El escritor de las nadadurías

Por Carlos Calvo

     De un tiempo a esta parte, Ángel Ortín viene trabajando en sus particulares ‘nadadurías’, una suerte de greguerías evocadoras, del mar y la lunería, de la playa y la piscina, del nadador y el bañista, del nudista y el socorrista, de la cinefilia y el erotismo, de las formas de felicidad y los crímenes ejemplares.      Si un día escribiera sus memorias, Ángel Ortín intuye que copiaría, en parte, la estructura de ‘Las playas de Agnes’, en la que la autora hace repaso, como dios manda, de su vida a través de las muchas playas en las que, a lo largo de los años, se ha bañado.

    Ante todo, el escritor turolense (de Visiedo, cosecha del 66) es un agudo lector, siempre diferenciando el grano de la paja. Y un gran cinéfilo, siempre diferenciando –otra vez, como dios manda- el grano de la paja. A sus lecturas y cinefilias dedica buena parte de unas nadadurías abiertas al entendimiento infinito entre lo terrenal y lo cósmico, lo humano y lo divino, el placer y la razón, las artes y las letras. Y, claro, en su universo no podía faltar Ramón Gómez de la Serna. Tampoco Hans Christian Anderssen. Ni Gabriel García Márquez. Ni tampoco el amigo de Buñuel, Max Aub. O Pedro Salinas y Albert Camus. O Jorge Luis Borges y Bertolt Brecht. O Julio Cortázar y el mismísimo William Shakespeare. O Gabriel Zaid y John Cheever. O Scott Fitzgerald y César Aira. O Arthur Cravan y Jules Renard. O Juan Marqués y Julio José Ordovás.
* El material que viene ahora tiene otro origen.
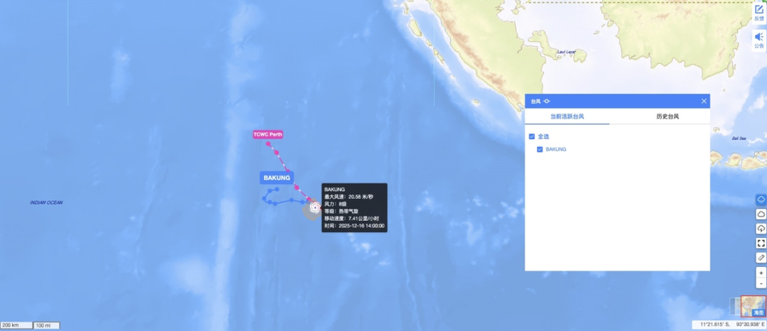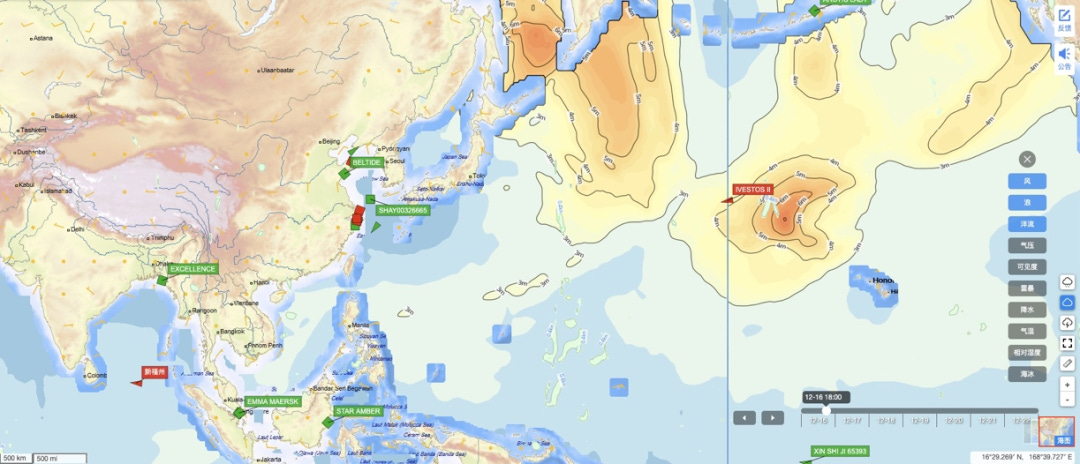 平台集成全球气象机构数据,提供台风、沿海气象、海洋气象三类服务。台风模块包含当前路径预报和历史台风查询,支持粒子动画展示台风强度演变(如图2)。2025年新增气象影响分析功能,当台风路径与船舶航线存在交汇可能时,系统自动计算受影响时间窗口,并推荐避风方案。
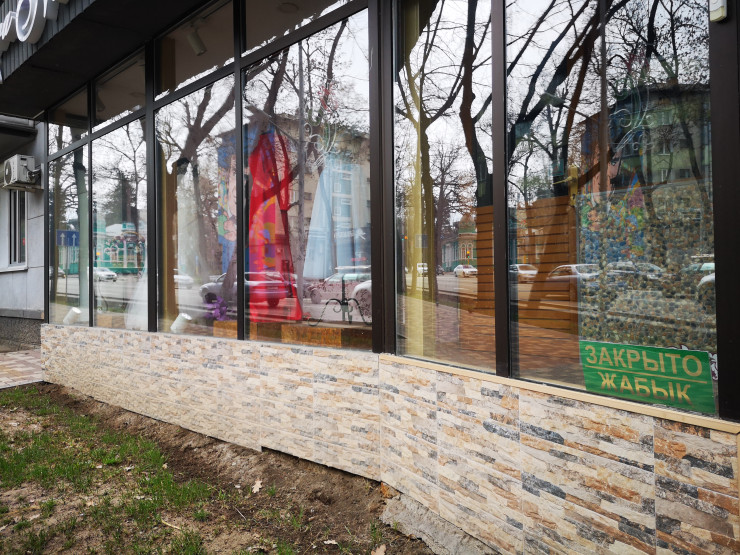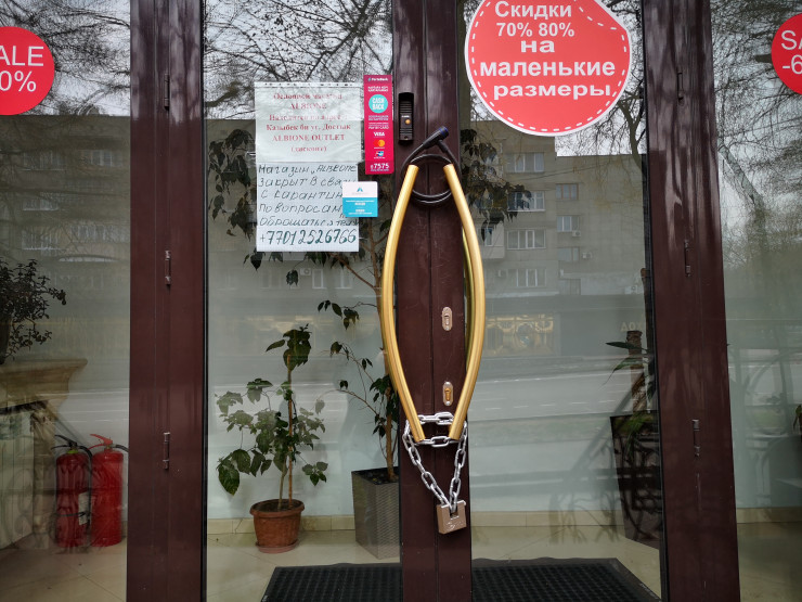 На входе обращение к покупателям: "Распоряжение акимата. В магазин запускается не более пяти человек. Просим понять и войти в положение исходя из сложившейся ситуации в городе Алматы".
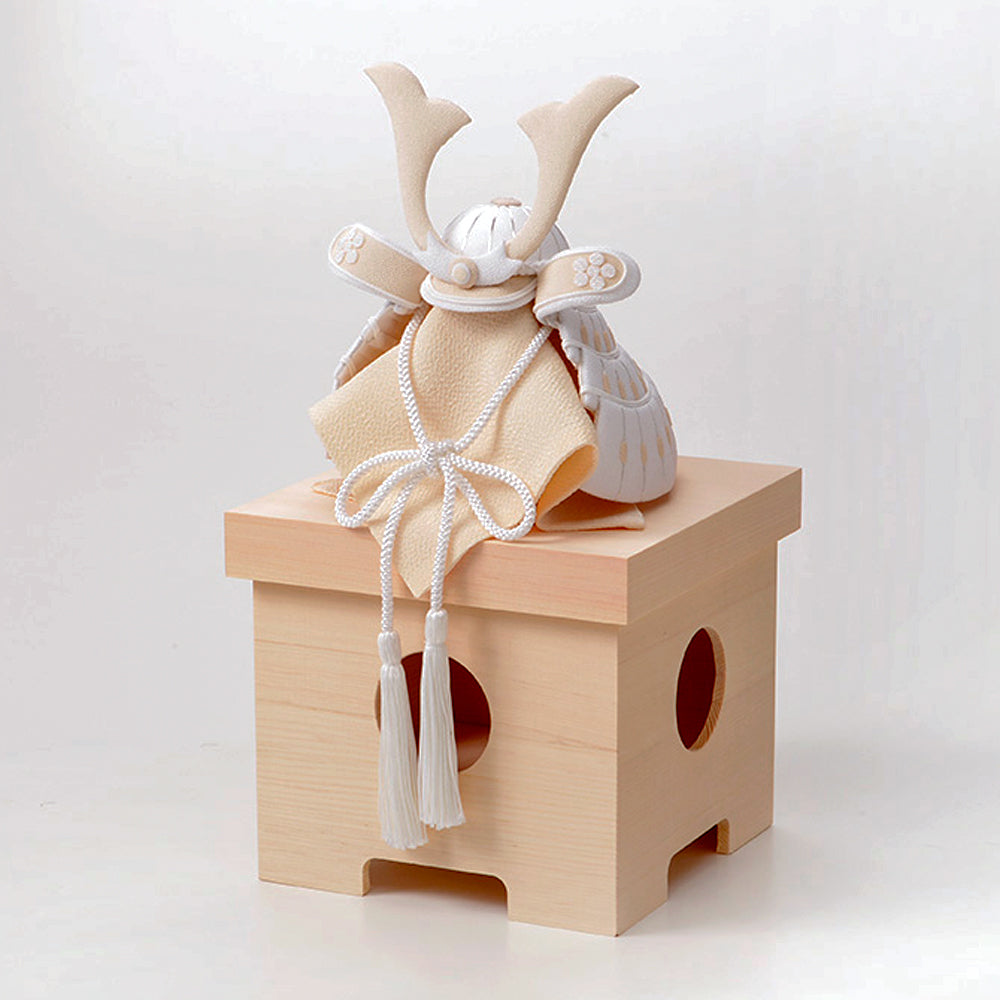 インテリアにも馴染みやすい、白とベージュのちりめん兜飾りです。
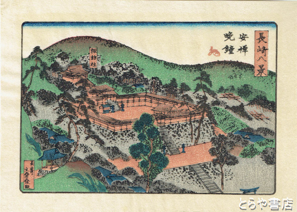 長崎古板画 大和屋由平板 長崎八景 全8景揃 解説付
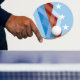 Ping Pong Paddle avec un design avec le drapeau de Peoria, Arizona. Un drapeau bleu, marron et blanc avec des sommets et trois étoiles
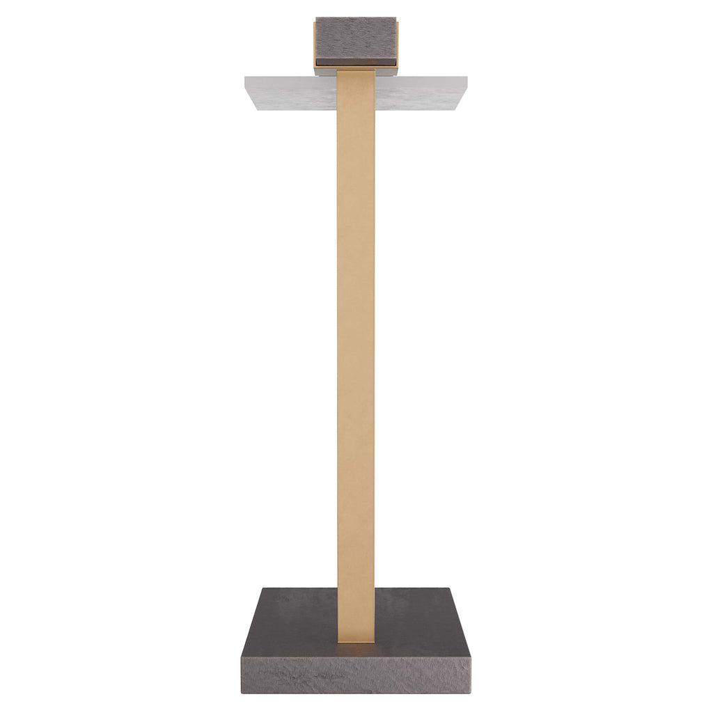Arteriors Home lighting embodies the perfect balance of form and function, creating an ambiance that is both captivating and inviting. Crafted with meticulous craftsmanship, Arteriors Home desk lamps seamlessly merge modernity and timeless appeal, enhancing both the ambiance and functionality of any workspace. The Arteriors Twain table lamp is an example of masterful material mixing and exquisite detailing. This sleek, modern led desk lamp is created in a l-shape silhouette, with a chattered antique brass stem and contrasting english bronze as the finish on the base. A plate of white alabaster forms a diffuser, casting soft surface illumination. The knurled, antique brass dimmer knob rests atop the base, adding embellishment and grip. Finish will vary.
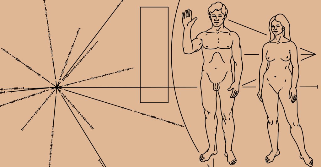 Kvinden har imidlertid intet, som kunne antyde eksistensen af en vagina, men ser ud som om hun er helt lukket mellem benene, nærmest som om hun mangler noget, f.eks. en penis. Det ville i hvert fald ikke være mærkeligt, hvis eventuelle rumvæsener skulle finde på at tolke afbildningen på netop dén måde. Og så vil de være helt på linje med størstedelen af den jordiske historie om kvindens og mandens anatomi.

     Un universo, también, poblado de actores, directores y películas. Billy Wilder y su crepúsculo, con dioses o sin ellos. El poder de observación del maravilloso Chaplin. El gran Mack Sennet del blanco y negro. La historia romántica, y poco vista, de ‘L’Atalante’. La sofisticada e inteligente Katharine Hepburn en ‘Historias de Filadelfia’. Los trenes del elegante Ozu. Las inolvidables series b de las ficciones científicas. El asesinato en la ducha de ‘Psicosis’ con el martilleo musical de Hermann. La rebelde y decadente Marilyn Monroe. Las relaciones finalmente trágicas de Schneider y Delon en el drama de Deray, con Buñuel al fondo. Los evocadores estudios de Cinecittà. La azulada Binoche de la trilogía colorista de Kieslowski. La alegoría, la fabulación, el lirismo y la teología del Wenders de ‘Cielo sobre Berlín’.

     Una propuesta bella, delicada, feliz. La felicidad, advierte Ortín, “es cruzar la ciudad sin prisa, dándote un paseo, camino de la piscina”, ajeno a los ruidos del día, de la gente que entra y sale apresuradamente de los portales. La felicidad, advierte Ortín, “es nadar y, al mismo tiempo, olvidarse de que uno está nadando”, cuando tu corazón se pone a latir con el mismo tic tac del reloj, como si todo estuviera sincronizado en ese universo en que galaxias, constelaciones y estrellas siguen un curso inexorable, acaso implacable, trazado por una mano invisible, acaso oculta. Mientras uno nada, advierte Ortín, “la felicidad es dejar el mundo de fuera al otro lado de la cristalera y estar solo en la piscina”, como si viajaras solo en el último vagón de un tren que, atravesando paisajes desiertos, conduce a una estación vacía en la que ni siquiera, por el amor de dios, hay nadie para despedirse.

     La felicidad, para el que esto escribe, es quedar suspendido en algún lugar indeterminado entre el cielo y el infierno con los pies desnudos en el agua, el olor de los juncos, la sombra de un chopo en una tarde de verano, el estilizado cuello de una mujer, el sol que declina en el horizonte. Todo eso que ha desaparecido hace tantos años emerge del pasado como una poderosa corriente que te arrastra al leer el cuerpo de unas líneas siempre hermosamente escritas por Ángel Ortín. El escritor de nadadurías.